Ignacio Ruiz Quintano
Abc

    Ciudadanos y populares, que van de constitucionalistas, votaron en su día el delito de odio (el Derecho ya no se ocupa sólo de los actos, sino también de las intenciones, invento del Comité de Salud Pública, verdadero modelo constitucional de esta gente) y ahora votan el “negacionismo” de género.
    
Con los populares, por un lado va el folio de su portavoz, Álvarez de Toledo, y por el otro, el pañuelo de su secretario, Teo, cuyo asesor artístico (¡el Joselito Calderón del palco democrático!) es… Zapatero, que dice cuántas orejas dar o qué toros echar al corral.
    
Ciudadanos, nacido de la vocación de pasar del Estado de partidos al Estado de partido único (consenso, consenso y consenso), se queda como la reserva española del liberalismo de Estado, y Mussolini nunca dijo su todo para el Estado, nada fuera del Estado y nada contra el Estado con la unción que lo dice Edmundo Bal, abogado del Estado, al que llaman abisinio, que cuando él se quita la mascarilla a uno le sale tararear “Faccetta nera, bell’abissina”. Les faltaba su Dino Grandi, conde de Mordano, para quien la principal belleza del liberal de Estado era el amor, y la prensa del corazón nos cuenta que también lo han encontrado, pero disfrazado de D’Annunzio.
    
Cuando una mujer ha sido amada por Gabriel, ya no habrá en el mundo amor que la satisfaga –confesó Isadora Duncan.
    
La función de este liberalismo de Estado es hacer de póliza para las leyes de luz de gas del totalitarismo rampante.

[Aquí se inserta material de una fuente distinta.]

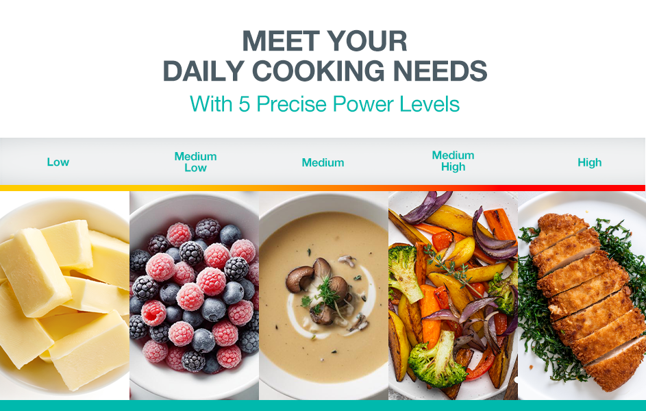 Встановлення рівня потужності на 100%, 70%, 50%, 30% або 10% дає змогу налаштувати приготування їжі відповідно до ваших потреб. Висока потужність чудова, якщо ви хочете швидко нагріти щось, наприклад, коли ви кип’ятите воду або готуєте супи. Середній рівень дозволяє готувати продукти на пару або смажити, тоді як низький рівень підходить для приготування вершкових супів і може діяти як дегідратор.
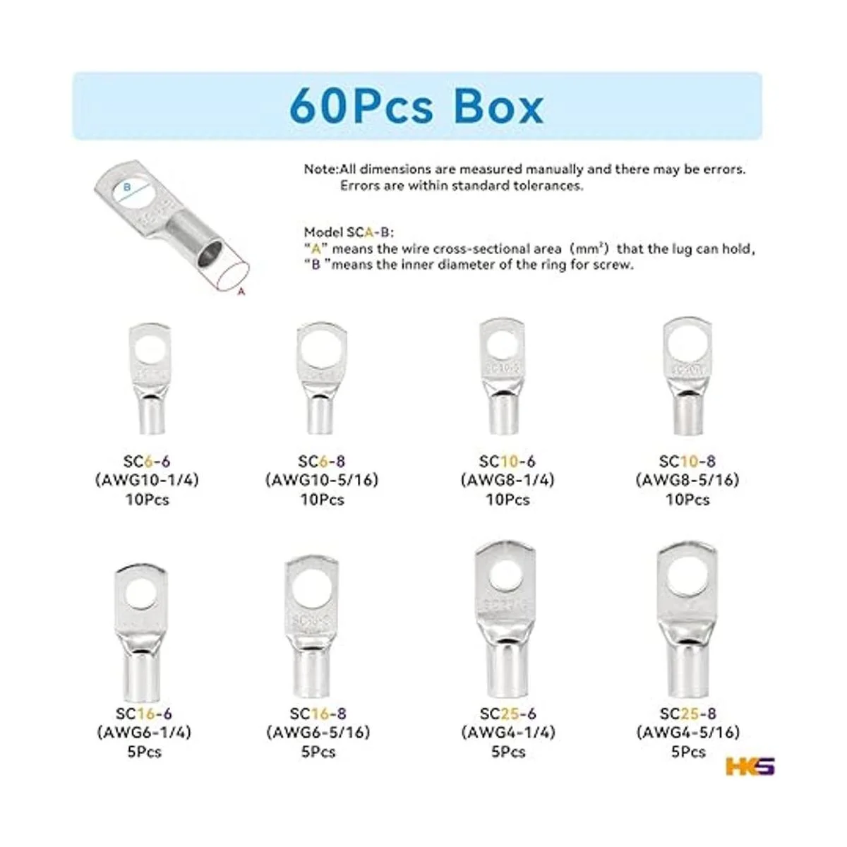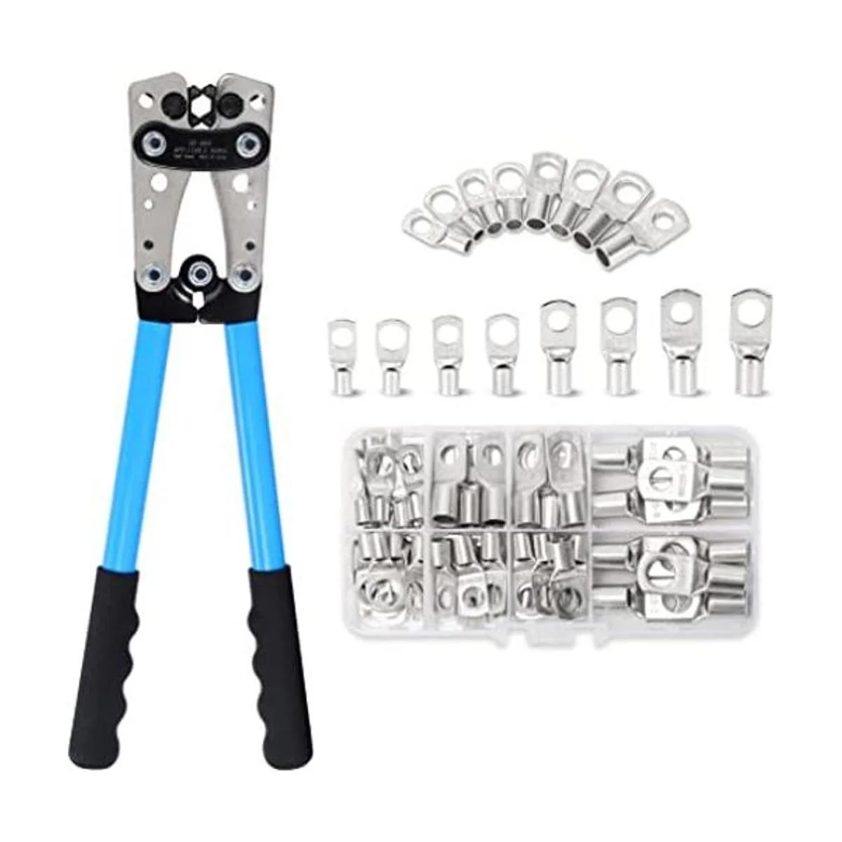 Contenido del paquete: 1 herramienta engarzadora de cable de batería, 60 terminales de anillo de cobre con caja
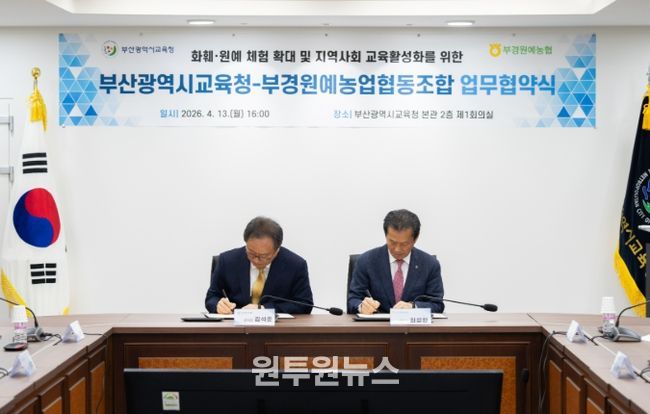 (원투원뉴스) 부산광역시교육청은 지난 13일 시교육청 제1회의실에서 부경원예농업협동조합(조합장 최성환)과 ‘지역사회 교육활성화를 위한 원예체험 프로그램 운영’ 업무 협약을 체결했다고 밝혔다.
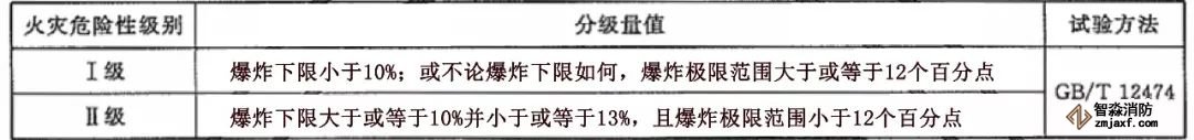 以上內容參考中華人民共和國公共安全行業(yè)標準易燃易爆危險品 火災危險性分級及試驗方法 第1部分:火災危險性分級 GA/T 536.1-2013,僅供交流,依據(jù)以上內容所做的任何決策、作為或不作為,后果由行為人自行負責。
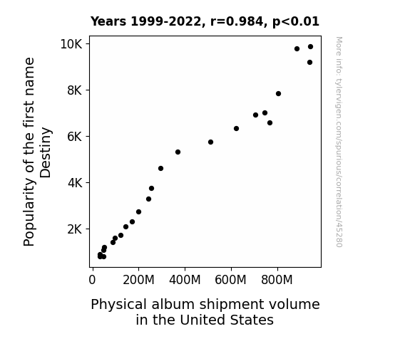 This means 96.8% of the change in the one variable (i.e., Physical album shipment volume in the United States) is predictable based on the change in the other (i.e., Popularity of the first name Destiny) over the 24 years from 1999 through 2022.
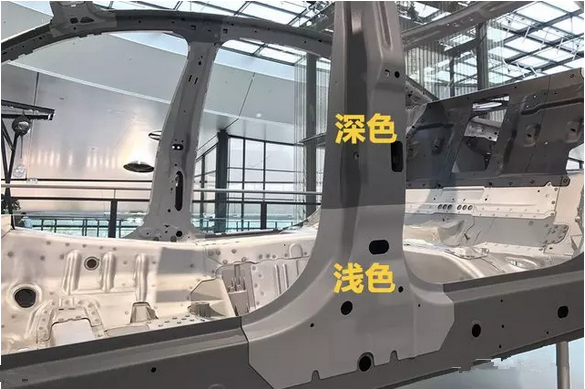 整個(ge) B柱雖然是由一整塊鋼板組成,但是我們(men) 可以明顯看到上下分為(wei) 深色和淺色。這是因為(wei) B柱上下部分冷卻溫度和冷卻時長不同。深色部分強度更高一些,淺色部分強度稍弱。
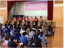 11月21日(金)に、防災拠点運営委員会の方々をお招きし、地域防災の出前授業を行いました。授業では、地域での防災の取り組みについて具体的に説明していただいたほか、防災備蓄庫の見学やトイレパックの実験、手回しランタン体験などを行いました。
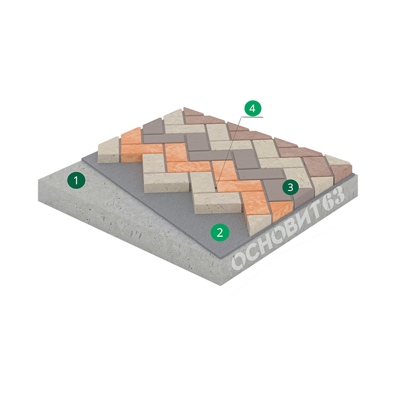 Смеси Основит™ обеспечивают прочное сцепление брусчатки с основанием и между собой до 1 МПа, благодаря чему она не разъедется и не испортит вид вашего участка.
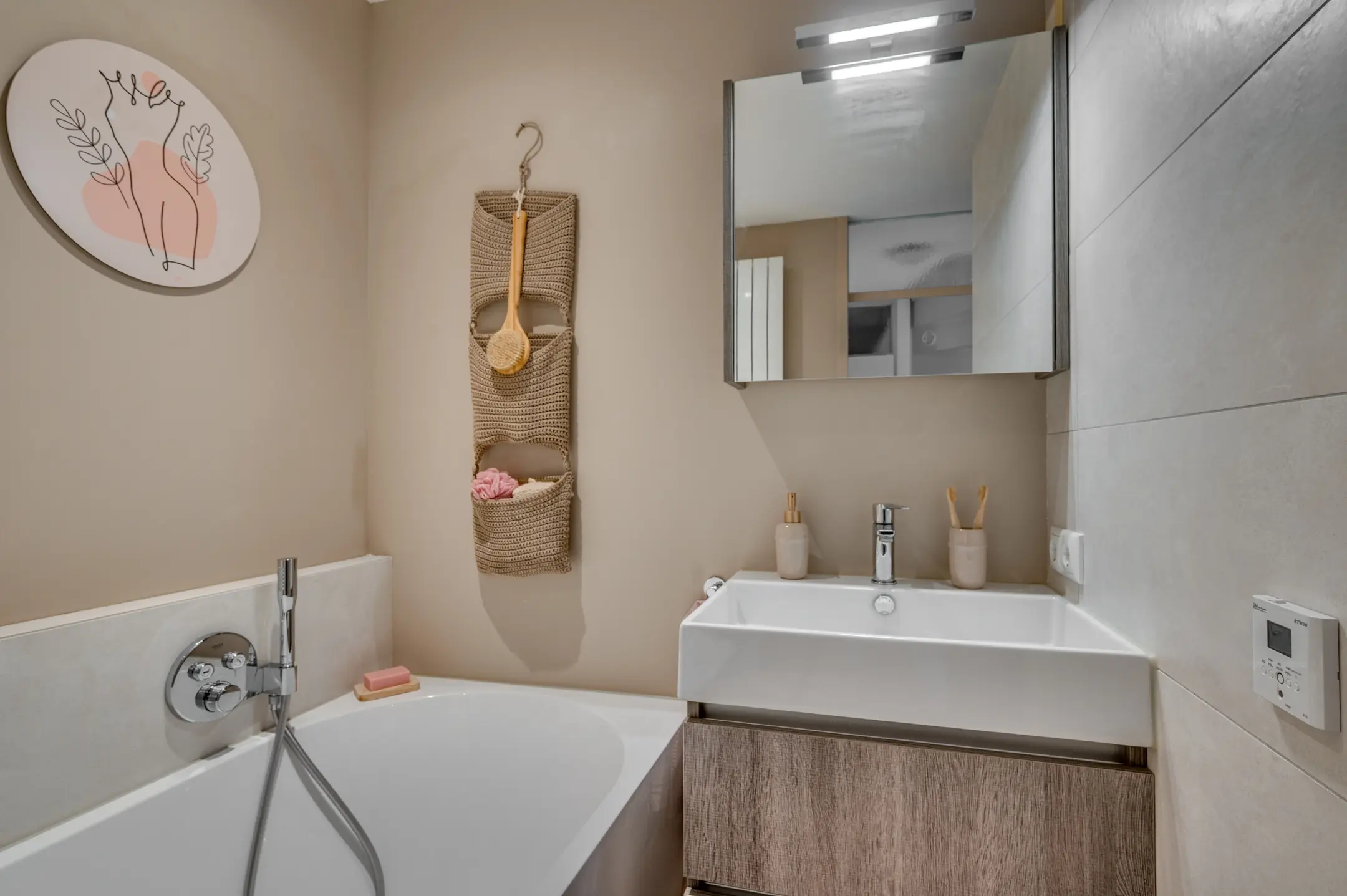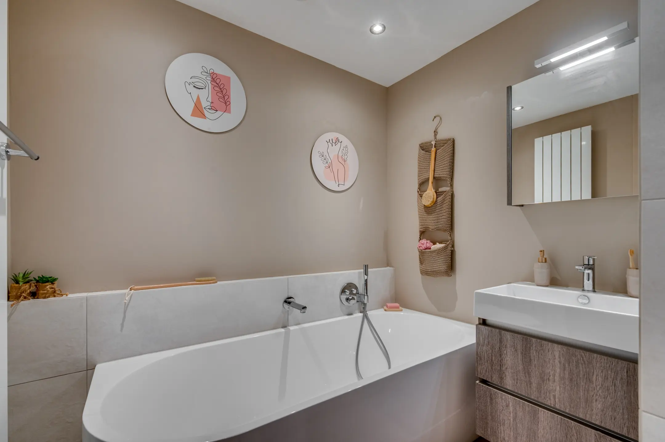 De in 2022 gemoderniseerde badkamer is een echte wellnessruimte, uitgerust met een ligbad, inloopdouche met sunshower, toilet en wastafelmeubel. De lichte tegelvloer met vloerverwarming zorgt voor extra comfort, en voor een sfeervolle beleving is de badkamer voorzien van een Power Dynamics BTW30SET inbouw muzieksysteem. De gehele eerste verdieping is afgewerkt met hoogwaardige laminaatvloeren, wat bijdraagt aan een stijlvolle en warme uitstraling.

El totalitarismo te niega la realidad para sacarte de ella: contra la opinión pública de que hoy es viernes, la opinión institucional de que hoy es cualquier día de la semana menos viernes; si insistes en el viernes, incurrirás en “negacionismo”, y el Estado de Derecho (el Derecho que hace el gobierno) te meterá el cuerno. Votarlo es mala fe, cuyo acto primero, según Sartre, se lleva a cabo “para huir de lo que se es”.

    Que lo malo de la mala fe no está en lo que tiene de “mala”, sino en lo que pide de “fe”.